The cliché usually runs: From disaster to relief. But judging by a recent lead story of one of the country’s most well known newspapers, the reverse might well be true. Headlined, “No disaster communication system despite spending crores,” it points out that the Uttarakhand calamity has highlighted how advanced communication technology available with the government,was not deployed either for preparing for it or for quick response. “There were no early warning systems, and once disaster struck, no communication system for several days as mobile networks collapsed.”

Those who remember the 2004 Tsunami assault or the flood havoc caused by the River Kosi changing its course, may not be too surprised. During the 2004 Tsunami, it was the low cost community communication mechanisms that often showed the way despite sophisticated surveillance systems deployed by the government. The experience of the MSSRF Village Information Centre in Nallavadu – a fishing village in coastal Tamil Nadu – is a case in point. The warning that the local community received on December 26, 2004 did not come from the internet, or a government weather surveillance system, but from a former project volunteer who was based in Singapore one and was “watching a news item about the earthquake that had just occurred off the coast of Indonesia. Worried about the potential impact on his family of giant waves that were reported to be spreading across the Indian Ocean, he telephoned his sister in Nallavadu.” The information was disseminated through the MSSRF public loudspeaker. The result was that “not one of more than 3,500 villagers lost their lives.” In fact the potential of community radio as underlined by Navin Chawla (then I & B Secretary) when he acknowledged that it “was an important component in disaster preparedness.” Mr Chawla requested Dr Sridhar, then head of Anna FM, (which was the sole community radio station at that time) to set up a similar community radio station at the Nicobar islands. Unfortunately, there was little or no government follow up.
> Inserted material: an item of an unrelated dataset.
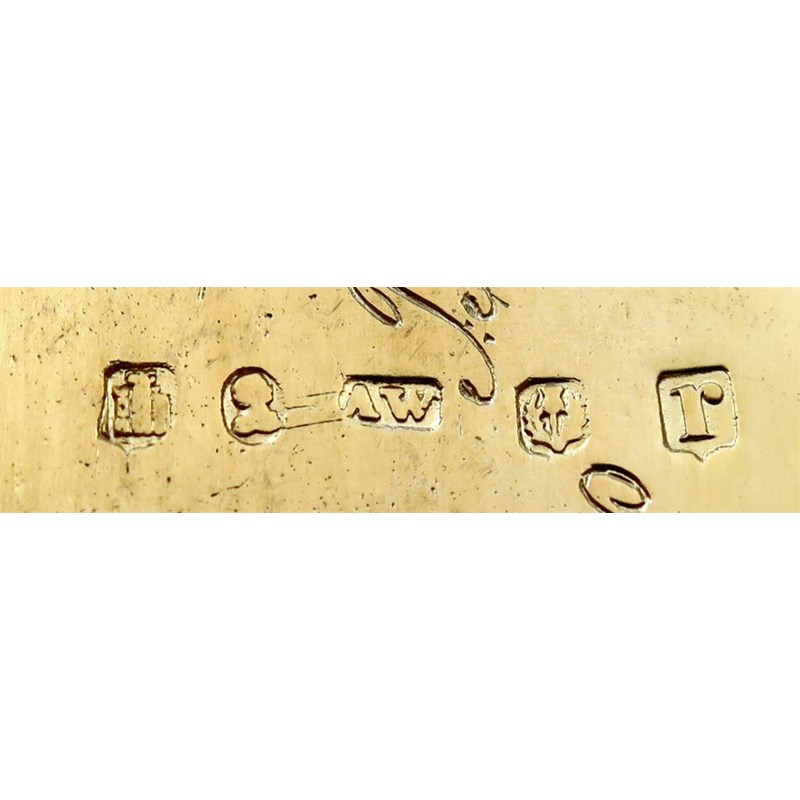 plain rectangular form, with a foliate thumb-piece, the silver-gilt interior, with later initials and date, length 6.8cm, approx. weight 2.2oz.

A similar scenario unraveled post the Kosi floods in Bihar in 2008. Despite efforts from community radio advocates to initiate emergency radio, their proposals fell on deaf ears  within New Delhi’s corridors of power. About three months post the floods, a field recce carried out by AMARC in North Bihar suggested that the relief mechanisms left much to be desired. While the promises were many, delays had aggravated a shortage of food provisions, health problems and infrastructure break downs. While village after village bemoaned the lack of timely information, the role of mobile telephony was applauded. Similar sentiments were evinced about radio.But there was a twist to the tale. It was BBC Hindi service that was unanimously applauded to be the most comprehensive information player. AIR Featured—but it appeared to come a distant second except for its farm radio programmes.

Now that NDMA have reiterated the critical importance of community radio and the relevance of a network of community based FM stations in Uttarkhand, we need to hit the ground running. All of us need to support and explore how we can strengthen the efforts made by community radio advocates and practitioners in CRF, CRAI, and like minded groups to make community radio stations a reality in the affected areas. From Nepal, to Haiti, to Japan community radio has proven credentials in terms of disaster mitigation and management. We can afford to ignore the writing on the wall – only at the peril of allowing relief to blindly hurtle into yet another disaster.